4. Add the decades as a `Decade` column to the `data_clean` DataFrame.

### Separate the "old" (before 1969) and "New" (1970s onwards) Films

**Challenge**: Create two new DataFrames: `old_films` and `new_films`
* `old_films` should include all the films before 1969 (up to and including 1969)
* `new_films` should include all the films from 1970 onwards
* How many films were released prior to 1970?
* What was the most expensive film made prior to 1970?
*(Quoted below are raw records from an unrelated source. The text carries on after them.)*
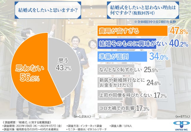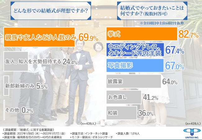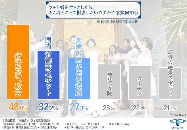 ブライダル業界に特化した映像演出を手がける株式会社ユナイテッド(本社所在地:山形県米沢市、代表取締役:阿部 達也)と、ベルコグループのベルクラシック福岡大濠は、福岡県在住の20代~40代の未婚男女を対象に、「結婚式」に関する調査を実施しました。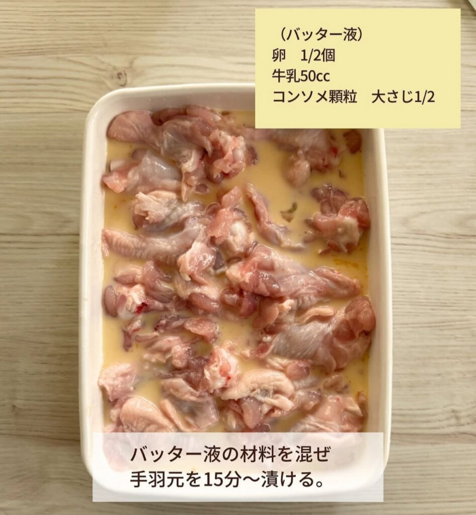 バッター液の材料を混ぜ、手羽元を30分以上漬ける。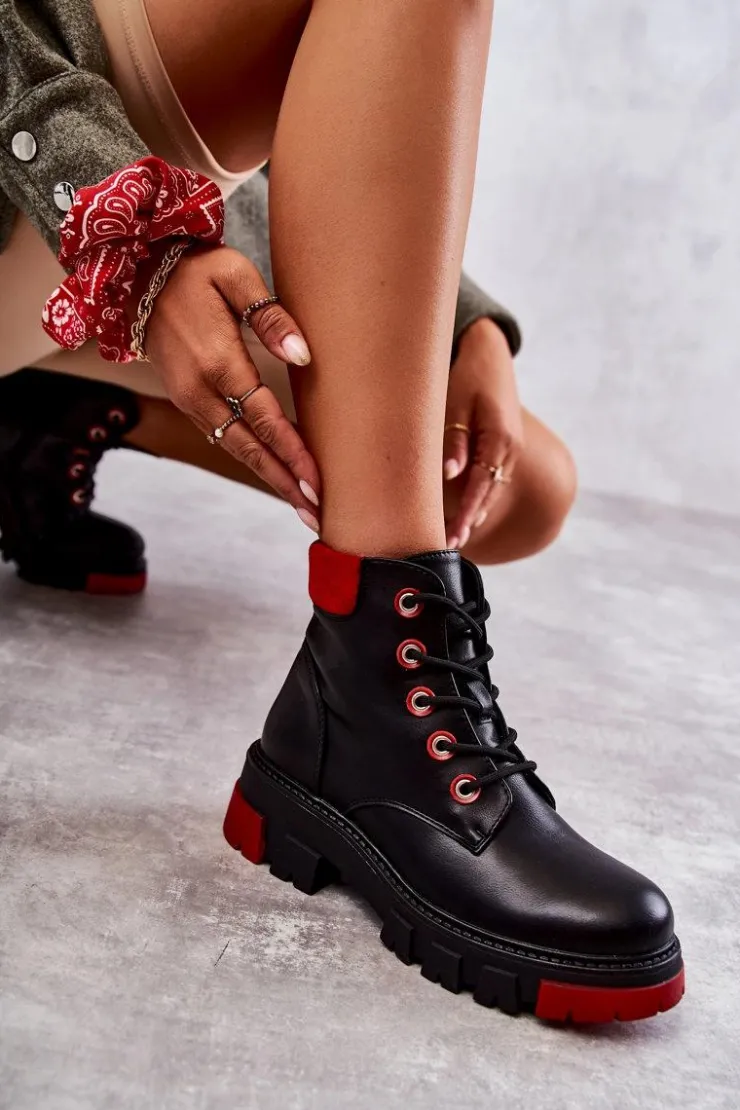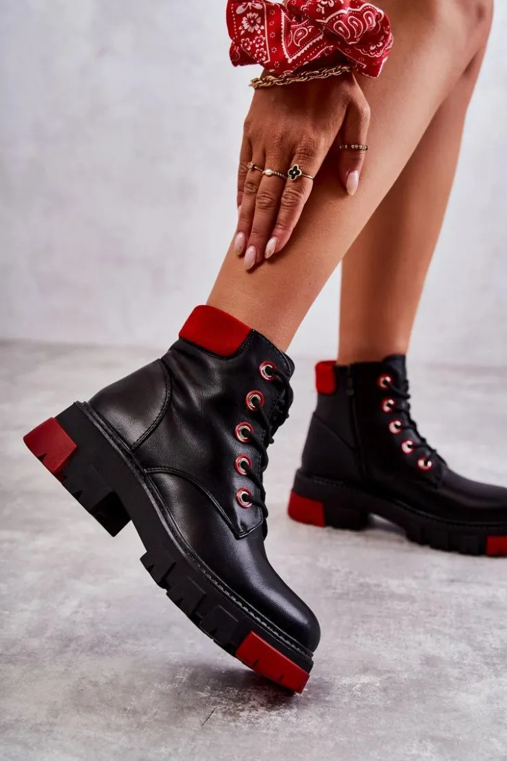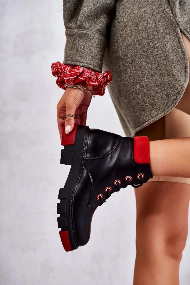 Botki damskie zostały wykonane z eko skóry ze wstawką u góry cholewki z miękkiej tkaniny. Model ten posiada usztywniany zapiętek. Botki są sznurowane oraz zapinane na suwak. Osadzone na platformie i płaskim obcasie. Środek został ocieplony kocem obuwniczym. Koniecznie sprawdź także pozostałe modele botków dostępne na naszej stronie! Przy wyborze rozmiaru prosimy sugerować się tabelą rozmiarów.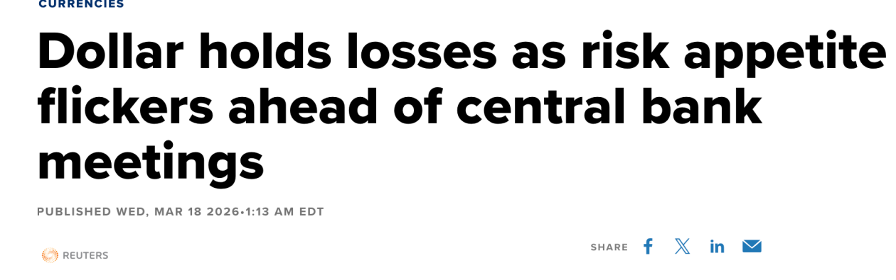 据路透社消息,3月18日随着一系列关键央行决策公布前,市场风险偏好略有回升,美元维持跌势。欧元在欧洲央行晚些时候召开会议前,连续两日上涨后持稳。
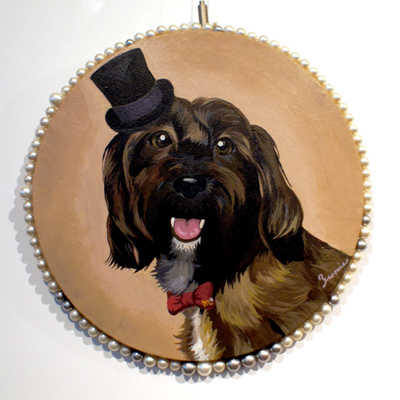 『green CIRCUS 』 展用に制作した作品。直径25cmの円形キャンバスで制作。サーカスの団長です。周りにパールのパーツをつけてみました。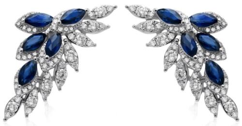 14KT WHITE GOLD FUN HANGING EARRINGS. 3D MULTI LEAF DESIGN. ROUND DIAMONDS ARE F/G COLOR, VSSI CLARITY .88 CARATS. AAA MARQUISE SHAPE SAPPHIRES ARE 1.65 CARATS.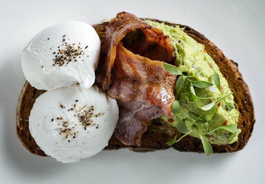 Poached eggs, crushed avocado, streaky bacon, grilled sourdough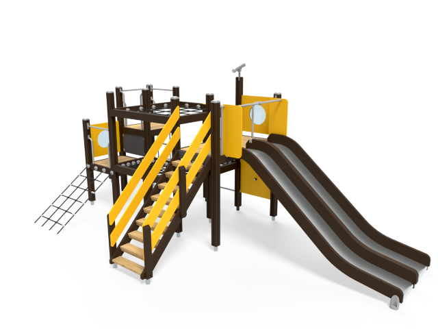 Heb je een vraag over het product All-in Klimframe met Dubbele Glijbaan Donkerbruin Geel?

# Seaborn Regression Plots

**Challenge**: Use Seaborn's `.regplot()` to show the scatter plot and linear regression line against the `new_films`. 
<br>
<br>
Style the chart

* Put the chart on a `'darkgrid'`.
* Set limits on the axes so that they don't show negative values.
* Label the axes on the plot "Revenue in \$ billions" and "Budget in \$ millions".
* Provide HEX colour codes for the plot and the regression line. Make the dots dark blue (#2f4b7c) and the line orange (#ff7c43).

Interpret the chart

* Do our data points for the new films align better or worse with the linear regression than for our older films?
* Roughly how much would a film with a budget of $150 million make according to the regression line?

# Run Your Own Regression with scikit-learn

$$ REV \hat ENUE = \theta _0 + \theta _1 BUDGET$$

**Challenge**: Run a linear regression for the `old_films`. Calculate the intercept, slope and r-squared. How much of the variance in movie revenue does the linear model explain in this case?

# Use Your Model to Make a Prediction

We just estimated the slope and intercept! Remember that our Linear Model has the following form:

$$ REV \hat ENUE = \theta _0 + \theta _1 BUDGET$$

**Challenge**:  How much global revenue does our model estimate for a film with a budget of $350 million?